Our review of the record reveals that the trial court erred in denying Lake States' motion for summary disposition and for reformation of the contract. First, defendants seek duplicative medical benefits as a result of the noncoordinated nature of the policy. However, whether to coordinate no-fault and health coverage is left to the option of the insured, M.C.L. § 500.3109a; MSA 24.13109(1), and carriers are not required in this state to provide an insured with noncoordinated coverage.[3] Thus, noncoordinated coverage, which permits duplicative medical coverage from no-fault and health insurers, is excess coverage.[4] Second, the record reveals that June Wilson's application for no-fault *116 insurance contained a directive that she list each driver residing in her household. June Wilson listed only herself. Moreover, her signature indicated that she warranted the answers to be true and complete in every respect. We note, however, that the record reveals that there were other drivers, such as Donna Wilson, residing in June Wilson's household.[5]

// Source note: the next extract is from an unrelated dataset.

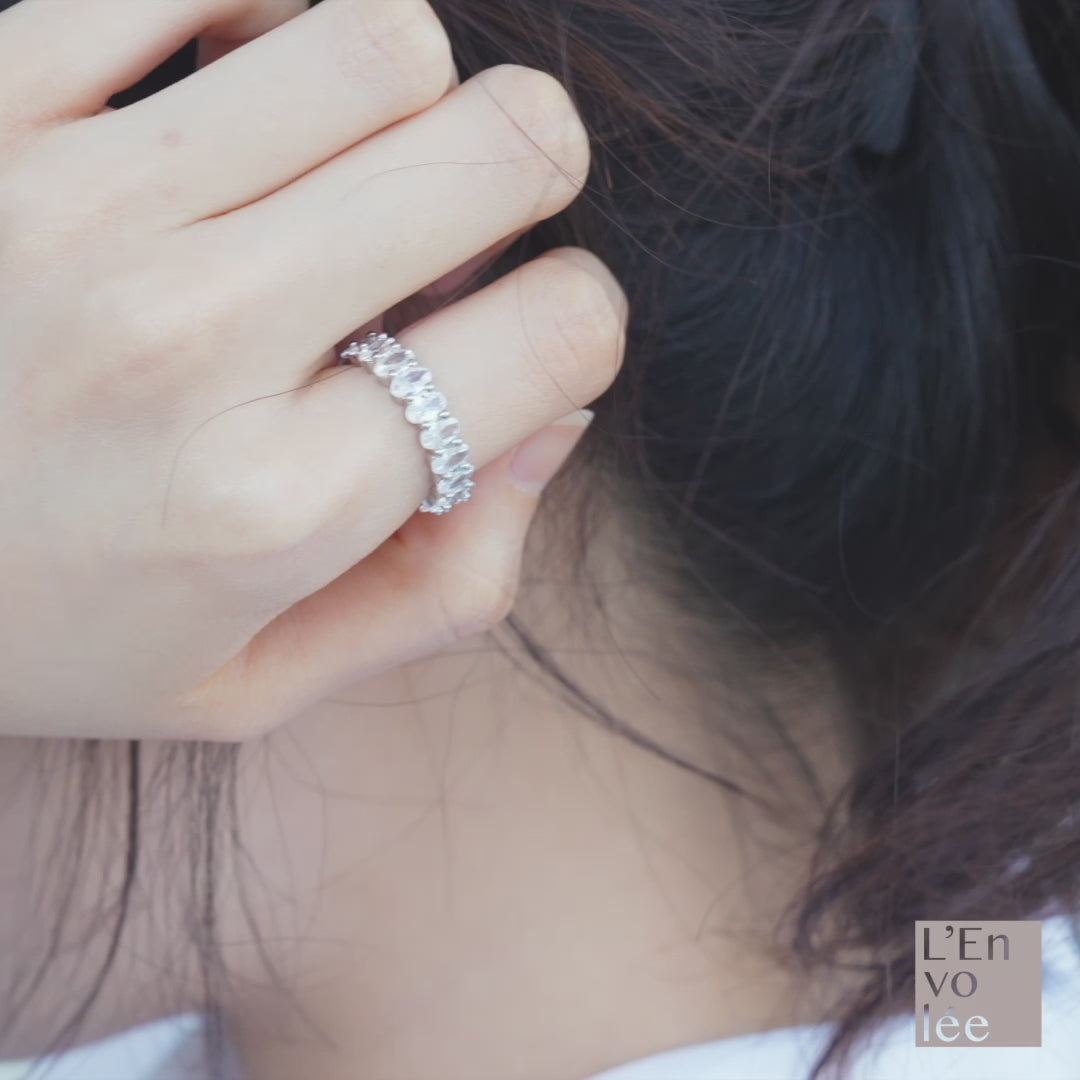 Odette is an elegant celebration of soft curves and endless brilliance. This oval-cut eternity band showcases a continuous row of shimmering stones, set in a polished silver tone. Perfect for stacking or wearing solo, it adds effortless sophistication to any look—timeless yet modern, bold yet refined.
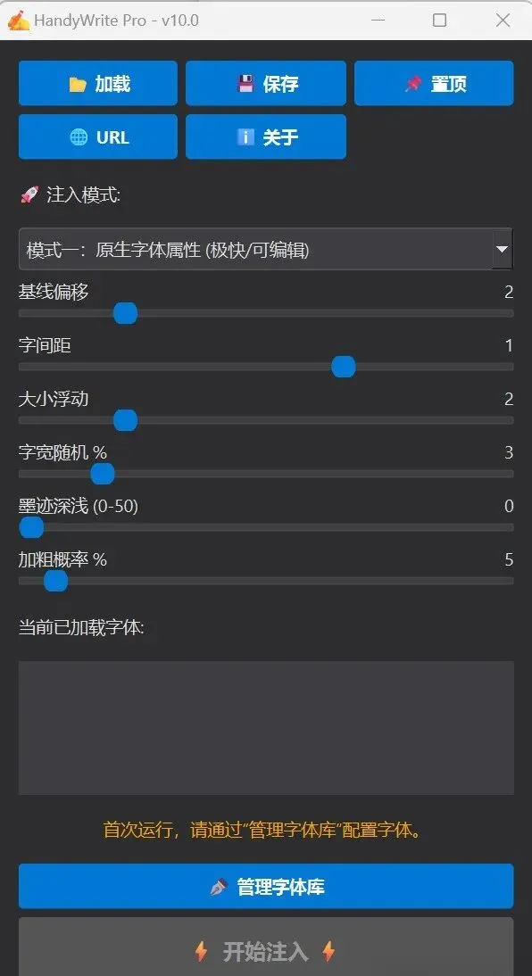使用前需要打开Word、WPS、Excel或者ET,然后选择需要手写的文字,再调节基线偏移、字间距、大小浮动、字宽随机等等,设置后点【开始注入】即可。

Because it is clear that June Wilson made misrepresentations in the application, the issue is whether the misrepresentations could have been "ascertained easily" by Lake States. Clearly, Lake States timely attempted to verify the residents and drivers in the June Wilson household. Both the application signed by June Wilson and the response from Larkin to Lake States indicated that there were no other residents or drivers in the household. Thus, we hold that Lake States could not have easily ascertained the fact that other persons and drivers resided in the June Wilson household.
Upon application of the standard set forth above, we conclude that the trial court erred in denying Lake States' motion for summary disposition to reform the insurance policy to provide for coordinated no-fault and health coverages and by granting defendants' cross-motion for summary disposition.
Reversed.
NOTES
[1] Lake States continued to pay nonmedical firstparty benefits.
[2] "Optional" coverage, for purposes of the financial responsibility act, M.C.L. § 257.501 et seq.; MSA 9.2201 et seq., consists of "any lawful coverage in excess of or in addition to the [mandatory minimum] coverage specified for a motor vehicle liability policy." MCL 257.520(g); MSA 9.2220(g).
[3] Rather, a no-fault insured who desires duplicative medical coverage from no-fault and health insurers can, by not coordinating and thus paying a higher premium, contract for coverage both by a no-fault insurer and a health insurer. Tousignant v. Allstate Ins. Co., 444 Mich. 301, 307, 506 N.W.2d 844 (1993).
[4] If the no-fault coverage is coordinated with health coverage, Rayne Wilson will not be deprived of any legitimately expected benefits. Indeed, the legislative purpose underlying M.C.L. § 500.3109a; MSA 24.13109(1), which requires insurers to offer coordinated no-fault automobile insurance with other health coverage, is the avoidance of duplicative payment. Further, because Lake States has never denied PIP coverage for Rayne Wilson, defendants' argument that Rayne Wilson would have been entitled to PIP benefits from the insurer of the Shomin vehicle, the second priority carrier, is misplaced. See M.C.L. § 500.31114(1); MSA 24.13114(1).
[5] Defendants' argument that Lake States could not establish fraud is without merit. As previously stated, fraudulent intent on the part of the applicant is not required as long as the insurer relied upon the misrepresentation. Lash, supra at 101, 532 N.W.2d 869. Here, Lake States submitted an affidavit from its underwriter stating that, pursuant to Lake States' guidelines, had it known of other drivers, particularly Donna Wilson and her OUIL conviction, it would not have issued a policy.